Polite Response to A Rude Question

I've chosen not to invite a handful of relatives and family-friends to my ceremony -- people that my guests will assume have been invited. How do I handle the inevitable question of "Why isn't so-and-so here?". I need a polite way to thank the guest for attending and to let them know that guests who are not in attendance won't be discussed.

Re: Polite Response to A Rude Question

  • "It was a very difficult decision when FI and I created our guest list. Unfortunately, not everyone we wanted to share our special day with could fit on it."
  • If someone is rude enough to ask you why someone wasn't invited, just politely say "We weren't able to invite everyone due to budget/space constraints.  But we're so thankful you were able to celebrate with us!!"  Then switch the topic of conversation.
  • You both make a good point. Is there a way around a blatant lie, though?  They won't be invited simply because I don't want them there, and that's not a very gracious topic of conversation. It's hard to stand by the space/budget constraints when there will be guests who are more distant relatives as well as non-family members present. 
  • I guess I'd just be honest - "I wanted my closest family and friends here today, I'm so glad you could make it thank you!" then change the topic.  Also, this is an excellent reason why it is generally advisable to invite in circles - leaving aunt Martha out will make aunt Jane wonder why her sister wasn't invited.
  • I'm having the same issue! What I am planning on saying, for now (this may change) is "We wanted to keep things as intimate as possible, with our closest family and friends." 
    Don't worry about your second cousin Matilda being invited when your Uncle John isn't. If your second cousin Matilda is close to you, and has been there through the years, and Uncle John only shows up when there's free food and booze, then that makes them close family. Proximity on the family tree and emotional ties are two different things. 

    I don't anticipate having to answer that question very often, if at all though. Its more of a "just in case", because my nearest and dearest already know that I am not close with certain members of my family, and the reasons why. Is it possible that this is the case for you as well?
  • I don't think it's a rude question. It may make you uncomfortable, but it's not necessarily rude.
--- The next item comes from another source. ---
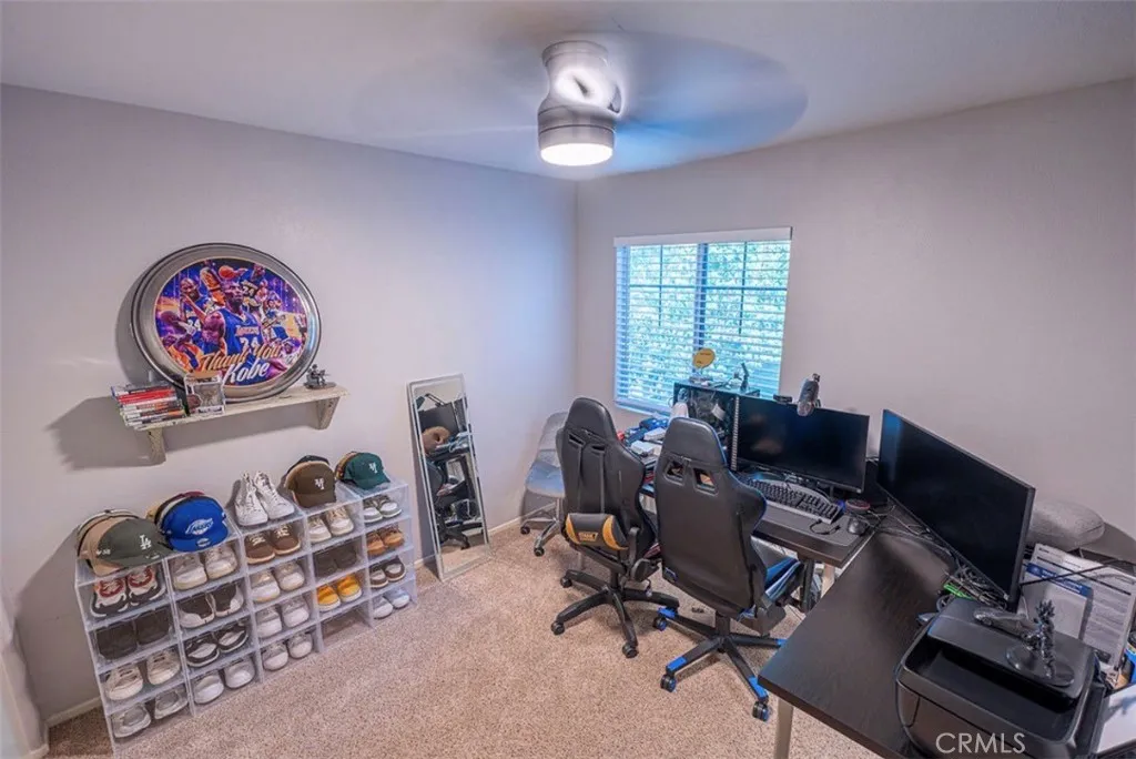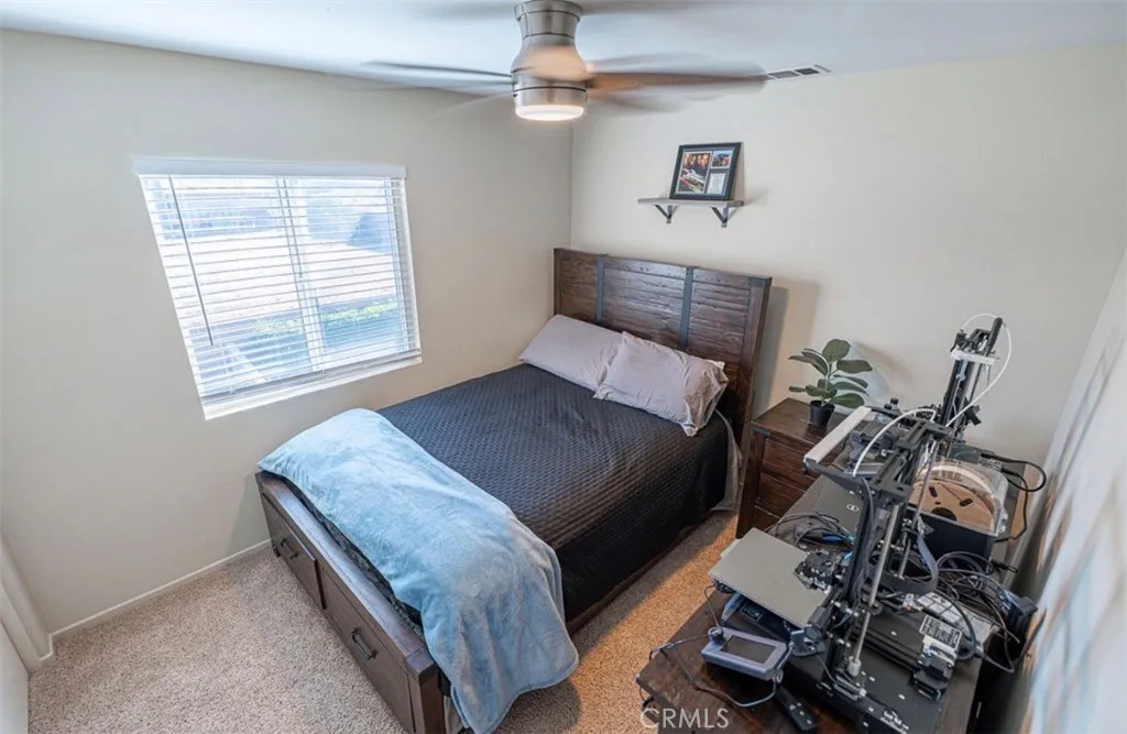 Turnkey two-story home located in a private gated Village Parks community. This thoughtfully designed floor plan showcases pride of ownership throughout. The inviting wrap-around covered porch offers charming curb appeal and overlooks park-like greenbelt views. Interior upgrades include fresh paint, recessed lighting, updated flooring, and a spacious living area with abundant natural light and direct access to a private patio. The remodeled kitchen features modern cabinetry, granite countertops, a stylish backsplash, and stainless steel appliances. Upstairs, you’ll find generously sized bedrooms including a spacious primary suite with new carpet, updated finishes, ceiling fan, and an upgraded bathroom. Additional highlights include an upstairs laundry room, linen storage, and a third remodeled bathroom. Enjoy multiple outdoor living spaces, including a private backyard, covered Alumawood patio, stamped concrete, firepit area, and custom retaining wall—perfect for entertaining. A separate gated side yard adds extra privacy and flexibility. This end-unit home offers enhanced privacy along with a 1-car garage and additional parking. The community features tree-lined walkways, a playground, and a well-maintained, pet-friendly environment. Ideally located minutes to California Baptist University, Schools, shopping, dining, and easy freeway access. A truly move-in ready home offering comfort, style, and convenience.

There is a difference between asking where someone is and asking why they aren't invited.

    If someone does ask why someone else isn't invited (which is rude), I would just change the subject.
  • I like the idea of saying something about "closest friends and family" as a way to compliment the asker and deflect the question. 
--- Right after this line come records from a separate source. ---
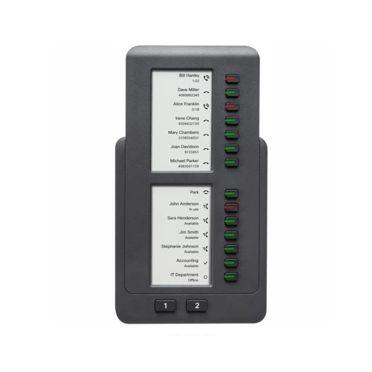 Expanzní jednotka Cisco IP Phone 6800 Key Expansion Module je určena pro rozšíření funkcí IP telefonu CP-6851, který podporuje až 4 SIP registrace a umožňuje připojení jednoho expanzního modulu. S touto expanzní jednotkou získáte 14 programovatelných tlačítek s možností přepínání mezi dvěma stranami, což znamená celkem 28 tlačítek pro snadný přístup k dalším funkcím telefonu.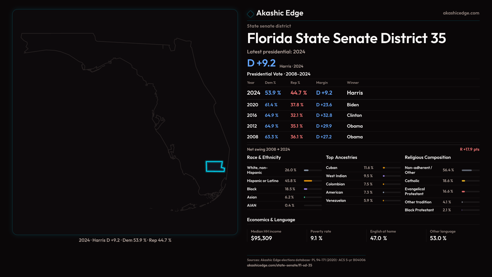 Who lives in Florida State Senate District 35? 542,250 residents as of the 2020 Census.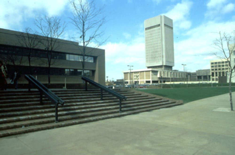 University Tower Construction, 1969 Exhibiting the Brutalist design style that characterized CSU's early buildings, the 20-story structure looms over much older office buildings and tenements on now-defunct East 19th and 20th streets (now home to the Music and Communication Building). The tower was renamed Rhodes Tower in 1981, prompting The Plain Dealer to ask, "Does this mean all who study there will be Rhodes scholars?" Now emblazoned with green CSU logos, Rhodes Tower has become an icon for the university and a visible part of Cleveland's skyline. Source: Cleveland Memory, Cleveland State University Library Special Collections Date: 1969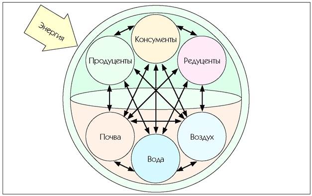 Экосистема— единство биотических и абиотических (вода, воздух, почва, минеральные вещества и т.п.) компонентов природы, в котором сообщество совместно обитающих живых организмов способно общими усилиями поддерживать круговорот веществ (рис. 62.1).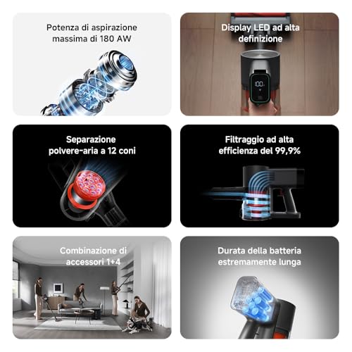 Il cuore pulsante del G20 Max è il suo motore brushless ad alta velocità, capace di generare una potenza di aspirazione massima di 180 Air Watt. Questo dato, che rappresenta un incremento del 20% rispetto al modello precedente, si traduce in una capacità notevole di rimuovere polvere ostinata, briciole e, soprattutto, i tanto odiati peli di animali domestici. Nell'uso pratico, questa potenza si fa sentire, specialmente su tappeti e moquette, dove lo sporco tende ad annidarsi più in profondità.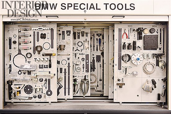 精品区提供的商品及配件展示平台,货架使用穿孔的面板加挂臂支持,使各种不同类型大小尺寸的产品都可以得到非常好的展示效果。如此,从建筑到室内到产品,无时无地都感受到一气呵成的宝马品牌。这样满足客户想要拥有的欲望并创造了丰富的品牌体验。正如宝马摩托车slogan体现的“MAKE LIFE A RIDE”。

    Since "relatives" and "family" aren't always the same set of people, there are a few aunts and uncles that won't be invited for valid personal reasons (which don't need to be discussed with other guests, or on the day of my wedding, for that matter). 

    What I'm really dreading is the annoyance that I anticipate feeling when someone does tell me that I "should" or "have to" invite someone to my wedding who is offensive to me or my fiancé. I need to rehearse a calm and polite rebuttal that both ends the discussion and leaves me in a cheerful mood.